§ Work item: Please write out exactly the lines from the opening of the listing through the line that holds "Description: The Royale", including both, and nothing else; no pictures.
═══ Input for this task ═══
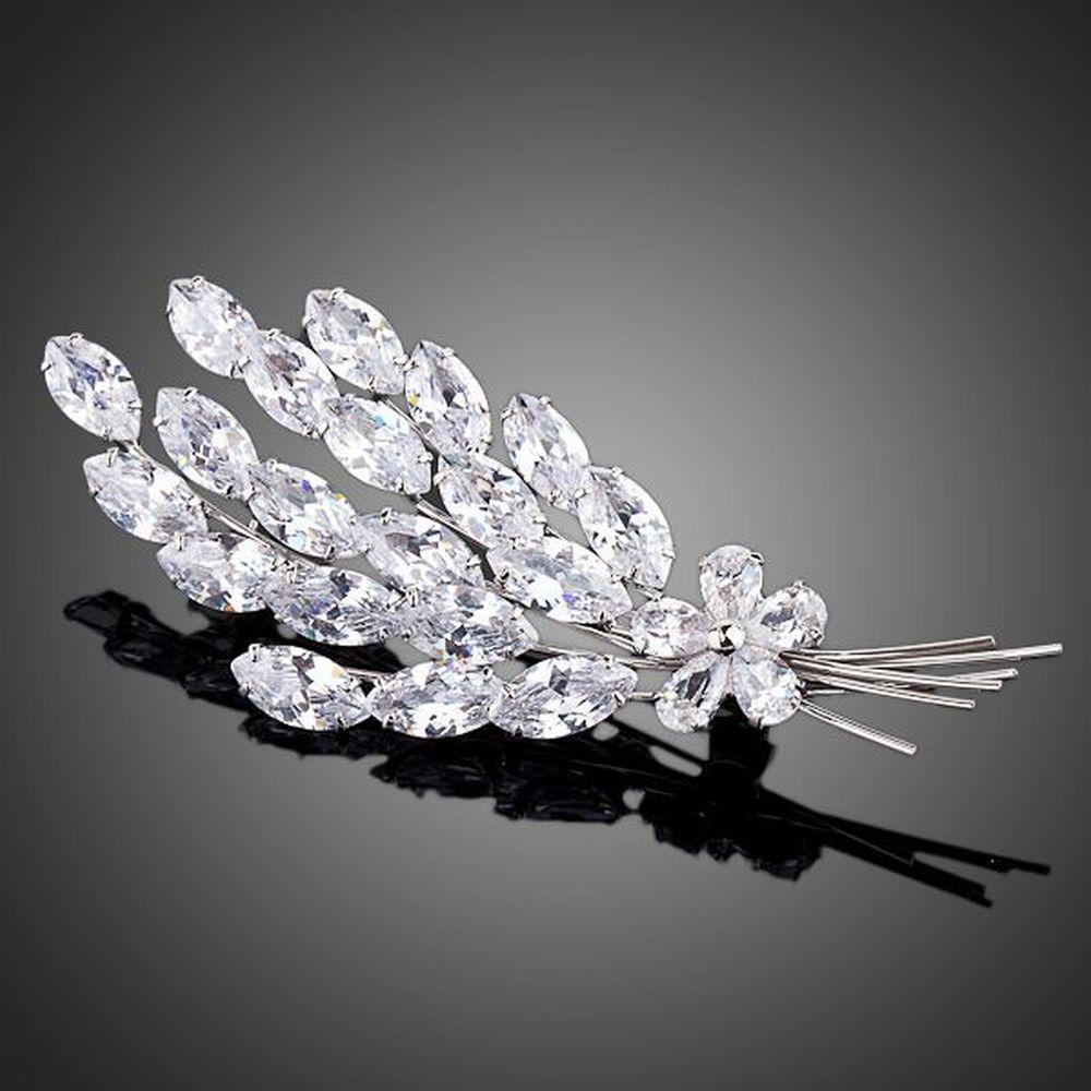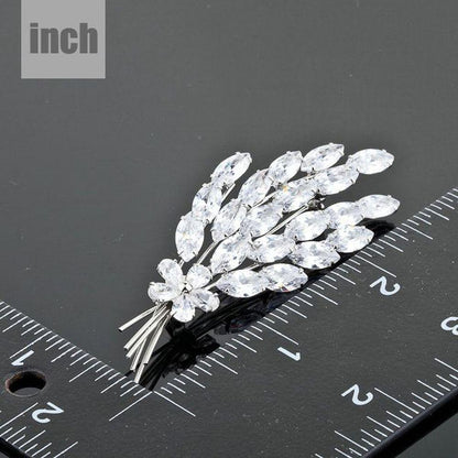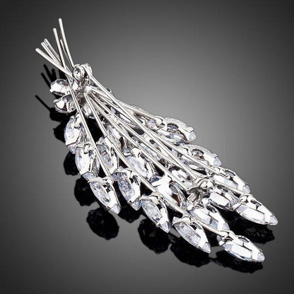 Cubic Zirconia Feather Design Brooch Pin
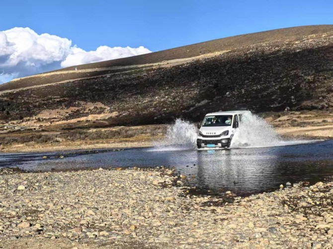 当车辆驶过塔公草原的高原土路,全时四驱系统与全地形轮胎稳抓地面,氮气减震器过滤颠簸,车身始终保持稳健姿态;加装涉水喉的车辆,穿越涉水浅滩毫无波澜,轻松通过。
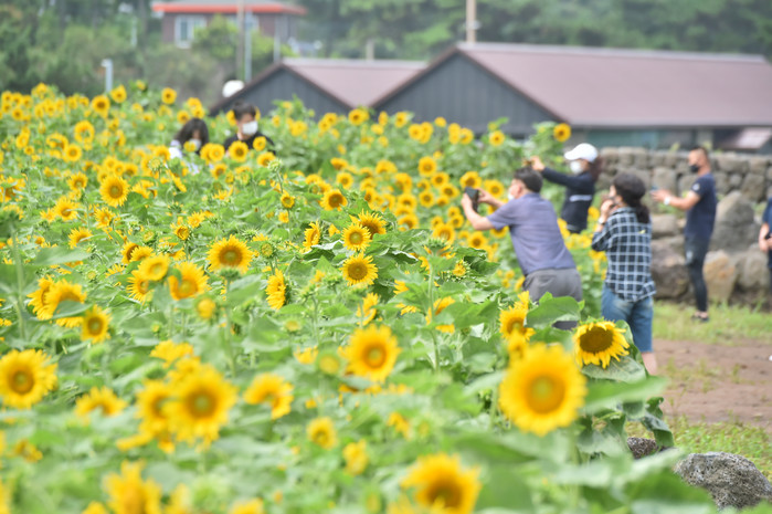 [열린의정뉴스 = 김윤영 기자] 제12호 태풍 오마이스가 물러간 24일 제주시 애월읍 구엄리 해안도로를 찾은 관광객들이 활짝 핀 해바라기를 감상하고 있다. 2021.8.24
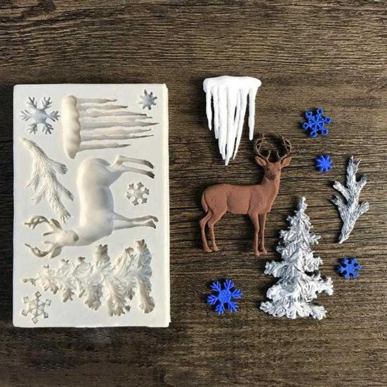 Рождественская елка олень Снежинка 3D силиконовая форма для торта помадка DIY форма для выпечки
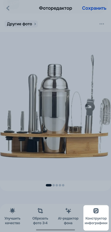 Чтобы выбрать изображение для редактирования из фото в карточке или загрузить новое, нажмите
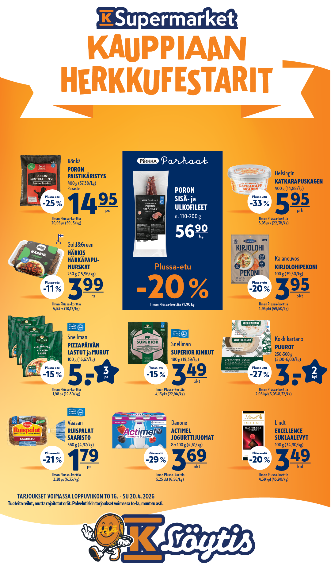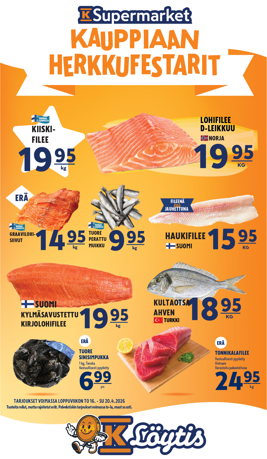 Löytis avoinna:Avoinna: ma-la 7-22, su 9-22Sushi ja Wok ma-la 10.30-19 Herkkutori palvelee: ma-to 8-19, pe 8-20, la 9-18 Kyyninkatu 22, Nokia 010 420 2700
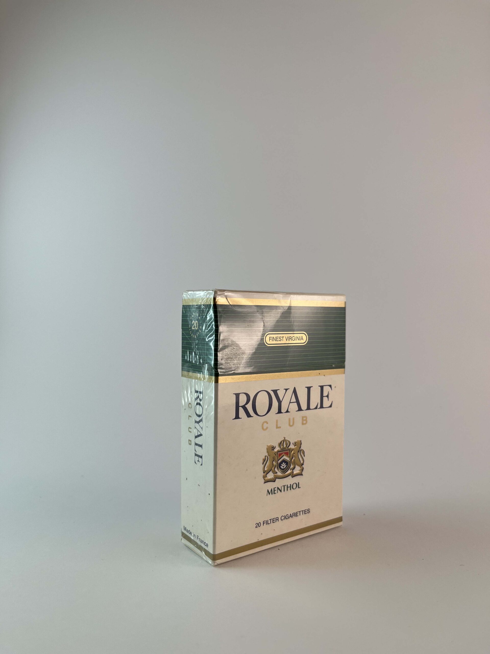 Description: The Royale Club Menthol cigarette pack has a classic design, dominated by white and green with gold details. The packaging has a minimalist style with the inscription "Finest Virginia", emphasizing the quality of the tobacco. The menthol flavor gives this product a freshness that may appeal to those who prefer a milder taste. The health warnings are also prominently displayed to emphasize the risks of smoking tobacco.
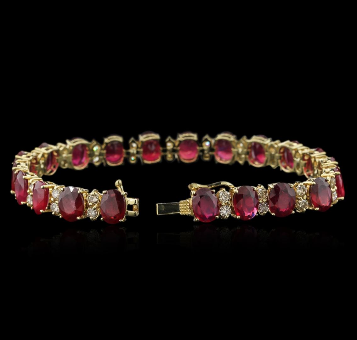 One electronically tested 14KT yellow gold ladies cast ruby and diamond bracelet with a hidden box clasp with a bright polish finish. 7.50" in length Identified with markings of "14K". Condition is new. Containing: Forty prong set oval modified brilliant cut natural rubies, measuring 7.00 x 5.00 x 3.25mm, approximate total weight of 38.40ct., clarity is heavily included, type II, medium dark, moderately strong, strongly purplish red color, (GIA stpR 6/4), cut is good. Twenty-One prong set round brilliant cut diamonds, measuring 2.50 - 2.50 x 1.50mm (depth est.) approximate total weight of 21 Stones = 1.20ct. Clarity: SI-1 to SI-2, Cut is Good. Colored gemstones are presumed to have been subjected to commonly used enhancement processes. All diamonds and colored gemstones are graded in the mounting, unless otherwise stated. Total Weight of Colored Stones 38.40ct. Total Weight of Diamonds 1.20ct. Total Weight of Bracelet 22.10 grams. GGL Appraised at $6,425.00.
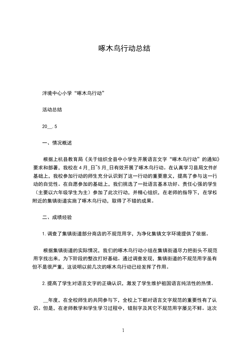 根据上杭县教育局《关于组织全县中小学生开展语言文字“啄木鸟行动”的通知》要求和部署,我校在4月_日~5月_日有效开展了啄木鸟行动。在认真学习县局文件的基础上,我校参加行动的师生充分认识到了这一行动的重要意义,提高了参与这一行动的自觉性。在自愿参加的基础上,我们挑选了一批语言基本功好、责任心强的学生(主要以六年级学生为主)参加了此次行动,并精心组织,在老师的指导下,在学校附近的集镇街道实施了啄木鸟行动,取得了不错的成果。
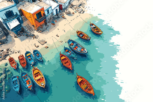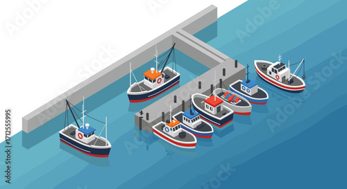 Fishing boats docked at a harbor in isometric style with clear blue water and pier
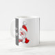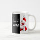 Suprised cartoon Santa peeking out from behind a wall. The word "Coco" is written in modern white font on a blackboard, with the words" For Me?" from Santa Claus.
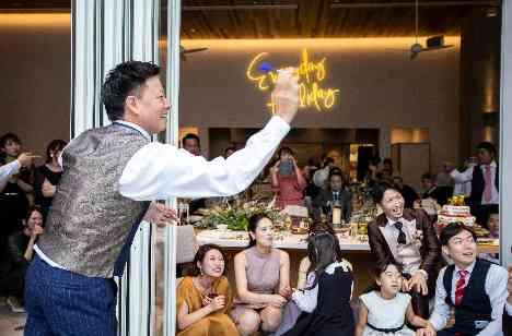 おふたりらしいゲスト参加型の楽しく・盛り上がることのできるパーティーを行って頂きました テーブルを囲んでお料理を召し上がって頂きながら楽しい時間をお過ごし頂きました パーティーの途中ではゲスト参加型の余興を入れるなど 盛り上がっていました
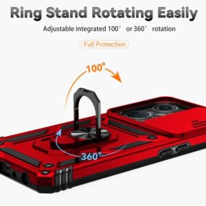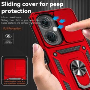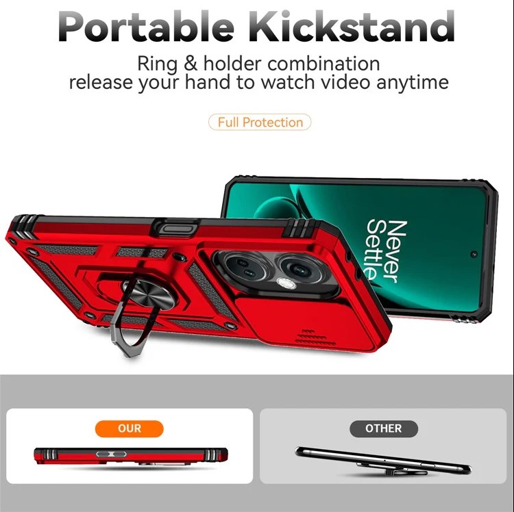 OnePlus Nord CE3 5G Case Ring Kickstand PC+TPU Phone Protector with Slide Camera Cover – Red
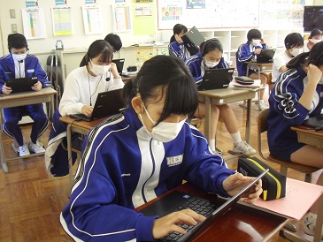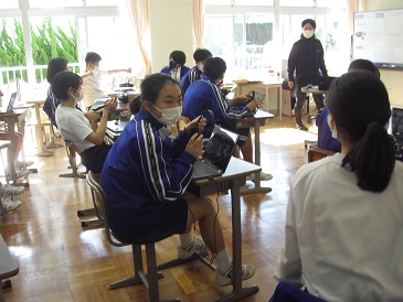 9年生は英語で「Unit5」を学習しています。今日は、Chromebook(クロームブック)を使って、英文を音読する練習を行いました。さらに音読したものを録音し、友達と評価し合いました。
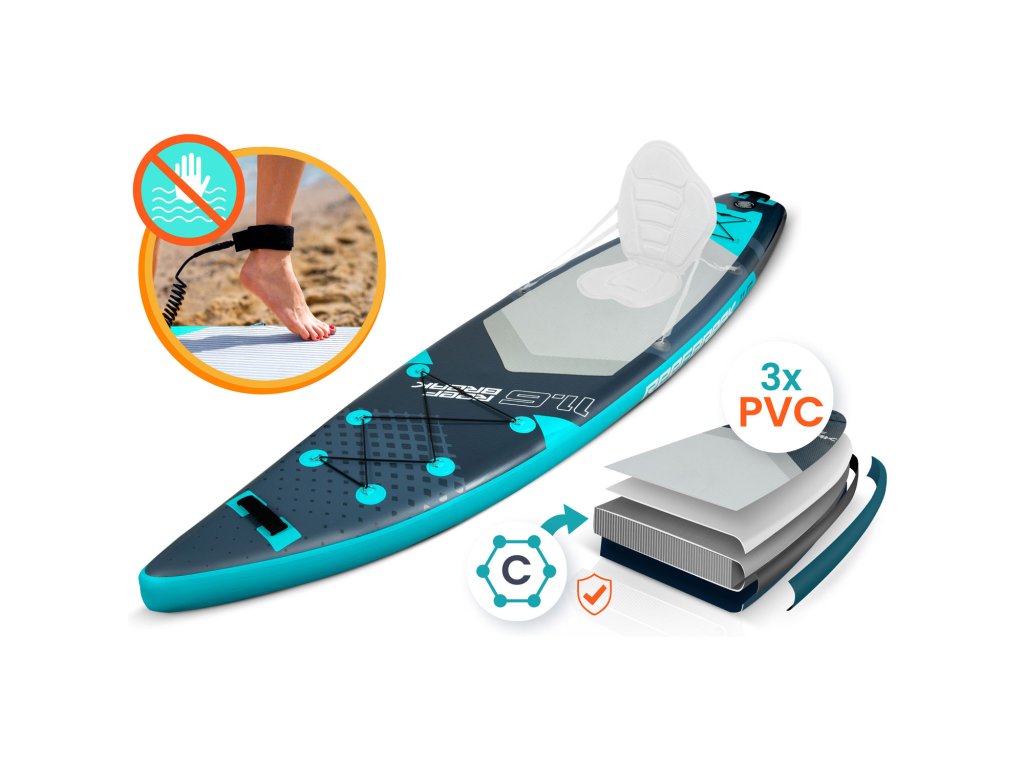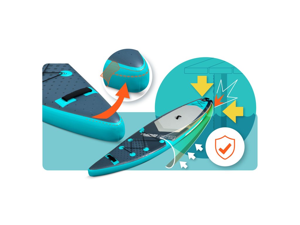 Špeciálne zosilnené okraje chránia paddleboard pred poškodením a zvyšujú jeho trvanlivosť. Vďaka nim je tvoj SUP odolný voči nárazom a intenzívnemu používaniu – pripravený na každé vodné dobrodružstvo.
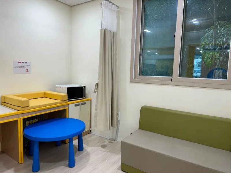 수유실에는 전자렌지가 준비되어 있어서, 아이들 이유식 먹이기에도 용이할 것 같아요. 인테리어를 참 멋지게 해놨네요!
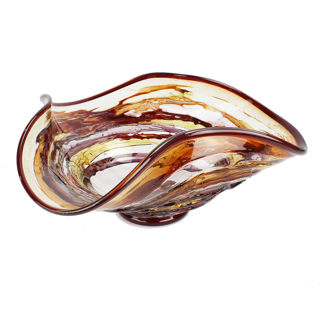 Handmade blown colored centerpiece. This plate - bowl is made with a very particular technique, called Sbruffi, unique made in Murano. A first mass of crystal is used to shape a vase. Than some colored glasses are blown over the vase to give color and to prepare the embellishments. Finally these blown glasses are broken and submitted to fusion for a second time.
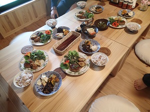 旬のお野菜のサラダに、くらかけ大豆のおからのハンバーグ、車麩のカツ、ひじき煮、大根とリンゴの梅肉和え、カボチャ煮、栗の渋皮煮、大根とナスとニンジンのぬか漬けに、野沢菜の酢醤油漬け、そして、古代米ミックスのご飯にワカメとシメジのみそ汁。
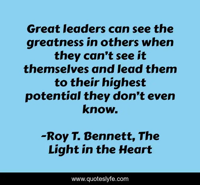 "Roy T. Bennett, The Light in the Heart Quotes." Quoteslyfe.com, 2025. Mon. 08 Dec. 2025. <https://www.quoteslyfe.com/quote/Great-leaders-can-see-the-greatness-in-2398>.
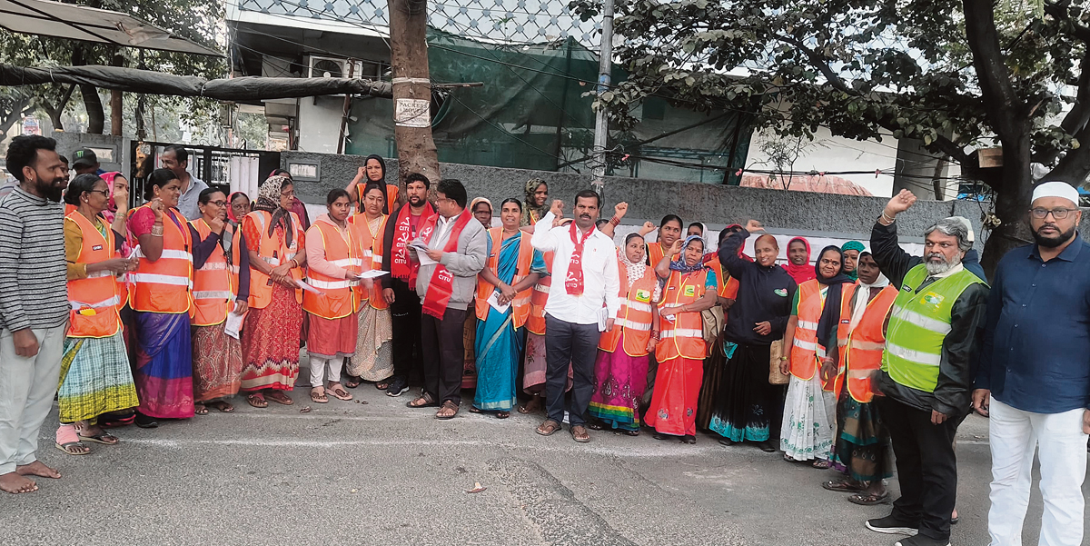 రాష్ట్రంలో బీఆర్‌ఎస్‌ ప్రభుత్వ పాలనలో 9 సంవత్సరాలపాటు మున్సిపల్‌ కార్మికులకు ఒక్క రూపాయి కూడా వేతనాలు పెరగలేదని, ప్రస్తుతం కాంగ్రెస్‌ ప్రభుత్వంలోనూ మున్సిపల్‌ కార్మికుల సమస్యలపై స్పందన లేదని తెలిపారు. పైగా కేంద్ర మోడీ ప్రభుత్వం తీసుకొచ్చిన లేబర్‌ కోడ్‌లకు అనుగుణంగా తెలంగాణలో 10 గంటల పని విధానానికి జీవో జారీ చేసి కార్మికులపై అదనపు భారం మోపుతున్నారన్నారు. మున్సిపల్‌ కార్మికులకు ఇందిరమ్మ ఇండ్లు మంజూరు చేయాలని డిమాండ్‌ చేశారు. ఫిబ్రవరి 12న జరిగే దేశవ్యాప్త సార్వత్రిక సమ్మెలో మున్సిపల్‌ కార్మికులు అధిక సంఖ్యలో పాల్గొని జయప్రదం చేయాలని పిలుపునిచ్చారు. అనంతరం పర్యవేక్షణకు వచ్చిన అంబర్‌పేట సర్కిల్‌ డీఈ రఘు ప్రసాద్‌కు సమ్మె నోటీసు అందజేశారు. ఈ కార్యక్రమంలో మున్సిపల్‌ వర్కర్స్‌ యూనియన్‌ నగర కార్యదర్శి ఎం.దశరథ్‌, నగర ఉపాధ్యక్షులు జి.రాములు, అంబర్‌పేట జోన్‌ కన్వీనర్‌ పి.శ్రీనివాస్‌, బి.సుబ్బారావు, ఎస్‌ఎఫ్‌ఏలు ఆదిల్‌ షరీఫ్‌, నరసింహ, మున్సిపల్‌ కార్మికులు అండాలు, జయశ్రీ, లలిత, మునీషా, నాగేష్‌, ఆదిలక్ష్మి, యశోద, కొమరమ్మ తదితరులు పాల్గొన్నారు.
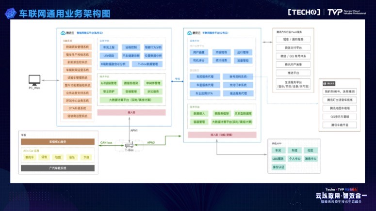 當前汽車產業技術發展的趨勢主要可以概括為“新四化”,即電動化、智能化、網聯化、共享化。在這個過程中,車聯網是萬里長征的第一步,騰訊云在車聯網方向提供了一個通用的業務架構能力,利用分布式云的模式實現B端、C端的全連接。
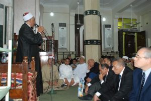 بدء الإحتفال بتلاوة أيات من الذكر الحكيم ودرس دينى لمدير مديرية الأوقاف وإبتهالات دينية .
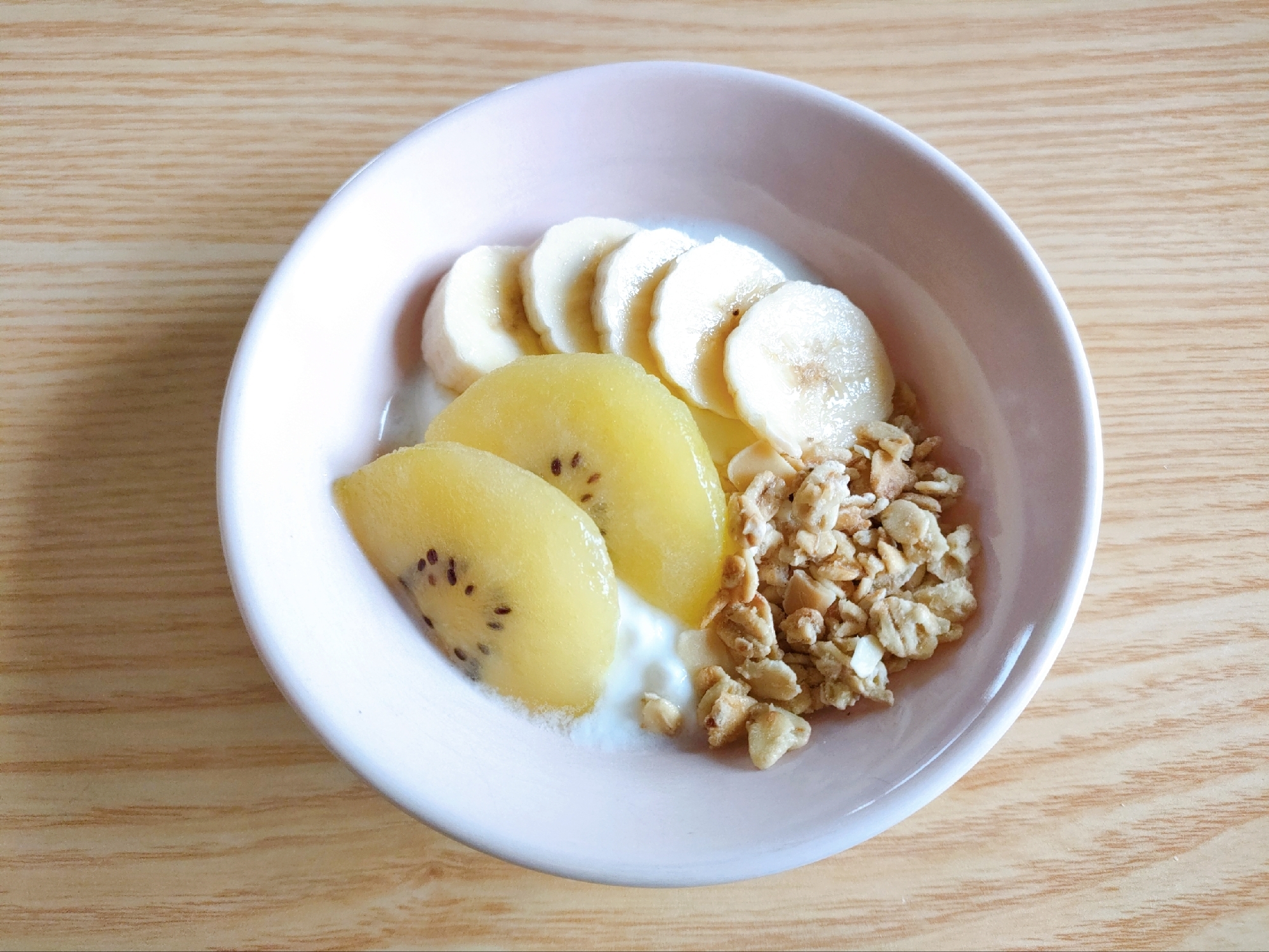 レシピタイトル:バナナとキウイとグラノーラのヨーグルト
═══
§ Response:
 Cubic Zirconia Feather Design Brooch Pin
 当车辆驶过塔公草原的高原土路,全时四驱系统与全地形轮胎稳抓地面,氮气减震器过滤颠簸,车身始终保持稳健姿态;加装涉水喉的车辆,穿越涉水浅滩毫无波澜,轻松通过。
 [열린의정뉴스 = 김윤영 기자] 제12호 태풍 오마이스가 물러간 24일 제주시 애월읍 구엄리 해안도로를 찾은 관광객들이 활짝 핀 해바라기를 감상하고 있다. 2021.8.24
 Рождественская елка олень Снежинка 3D силиконовая форма для торта помадка DIY форма для выпечки
 Чтобы выбрать изображение для редактирования из фото в карточке или загрузить новое, нажмите
 Löytis avoinna:Avoinna: ma-la 7-22, su 9-22Sushi ja Wok ma-la 10.30-19 Herkkutori palvelee: ma-to 8-19, pe 8-20, la 9-18 Kyyninkatu 22, Nokia 010 420 2700
 Description: The Royale Club Menthol cigarette pack has a classic design, dominated by white and green with gold details. The packaging has a minimalist style with the inscription "Finest Virginia", emphasizing the quality of the tobacco. The menthol flavor gives this product a freshness that may appeal to those who prefer a milder taste. The health warnings are also prominently displayed to emphasize the risks of smoking tobacco.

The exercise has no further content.